Showing His wonderful patience with all of us who fight Him, God let the battle last all night, but as the sun rose, the Lord crippled Jacob's hip and defeated him.

But in defeat he won, because when we give up our proud defiant, self reliant ways and submit to God we always win. As the hymn writer put it, “Make me a captive, Lord, and then I will be free."

God changed Jacob's name to "Israel" (Prince with God) and changed his nature like He does ours in the new birth. From now on Jacob was a man of God, not perfect, but living more and more for the Lord and talking more and more about the Lord.

God does not shelter you and me from pain and Jacob’s later years were marked by much SORROW (Ch. 35-49). He lived to see the death of Rachael (35:16-21). And Isaac, his son lay with one of his concubines.

His ten sons sold Joseph into slavery; told him he had been killed by an animal; and to add more pain, they handed him his bloody coat (with animal’s blood on it). The old man went into a grief that refused to be comforted and said, "I will go to my grave mourning”. (37:35).

Life wasn’t all bad. He held two of his grandsons, told them God had been with him all his life with the hope He would do the same for them.

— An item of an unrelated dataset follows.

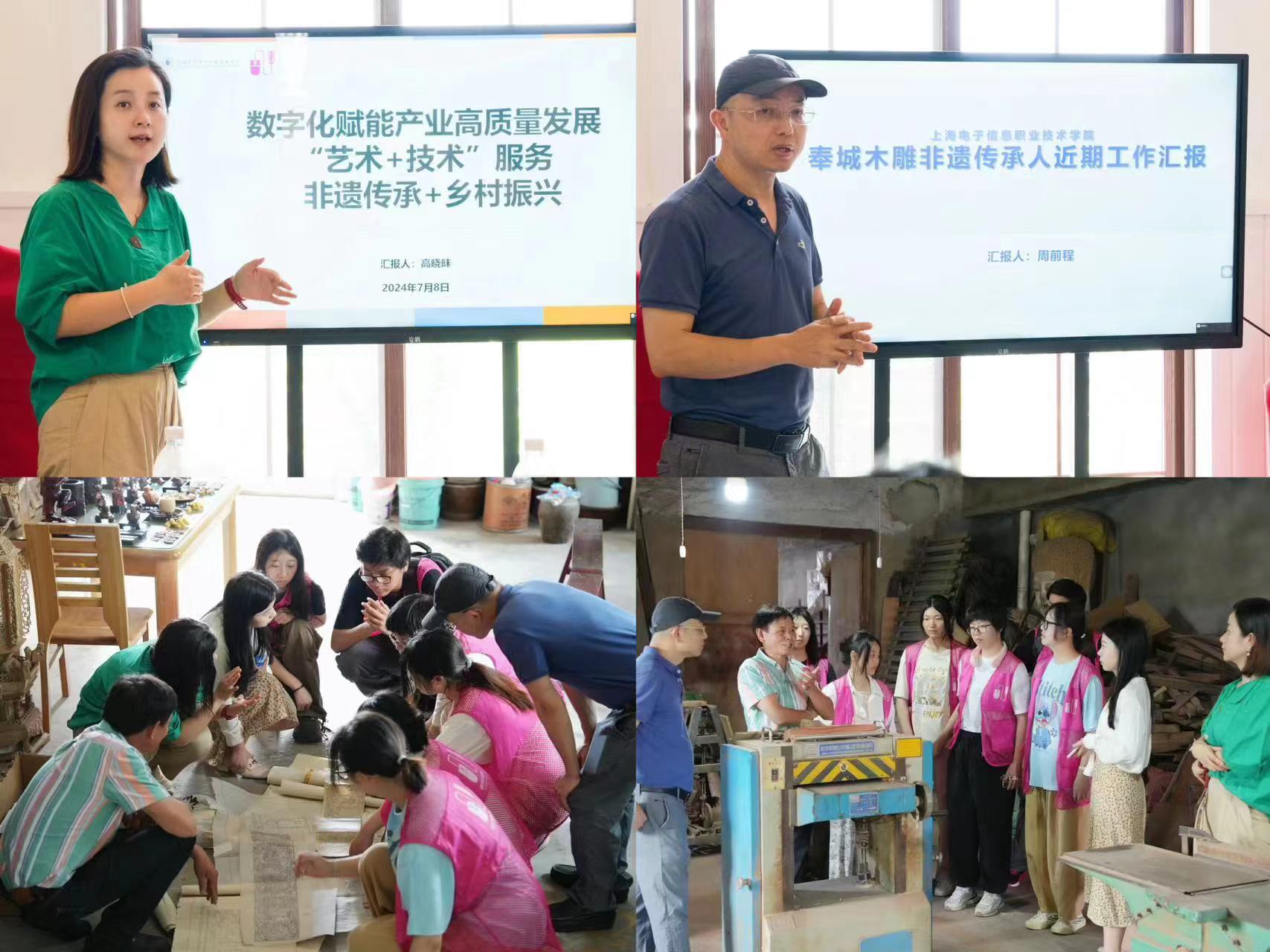 周雪原介绍了洪西村乡村振兴的相关内容以及发展需求。高晓昧介绍了设艺学院师生近年来服务乡村振兴、助力非遗传承工作情况,表达了希望能够在此前非遗传承合作多年的基础上,继续充分发挥学校的人才优势和科研力量,深入挖掘乡村的红色文化和非遗文化内涵。通过数字化赋能产业高质量发展,以“艺术+技术”、文化和科技融合的形式推动乡村振兴和非遗传承。周前程介绍了学校“奉城木雕非遗传承人工作室”已开展的工作,展示了木雕作品、文创作品等,并表示将充分发挥其传承非遗、助力文化振兴的作用,将非遗文化价值、技艺智慧和工匠精神融入青年学生的教育当中。

In old age, Jacob lost his health; he lost his loved ones; and he watched his children go wrong. How can God be in this? How can this make us better instead of bitter? Departing health and graves can remind us that this world is not our home. We are made not for earth but for eternity.

A dear, elderly lady in my first church was on her death bed. When she saw the sadness in my eyes she said, "Brother Bob, don't feel sorry for me. A few years ago I realized that I had more friends and loved ones in heaven than I have on earth. From that day on I have wanted to go home."

In hard times we learn what is truly important are the things time cannot take away and the main is the loving, patient god who never gives up on us.

Charles Allen says we can be sure of three things about God. He will never let us OFF – we pay for what we do. He will never let us DOWN – we cannot do enough to stop Him from loving us. And He will never let us GO - in the valley of death we find the “Lilly” of the valley.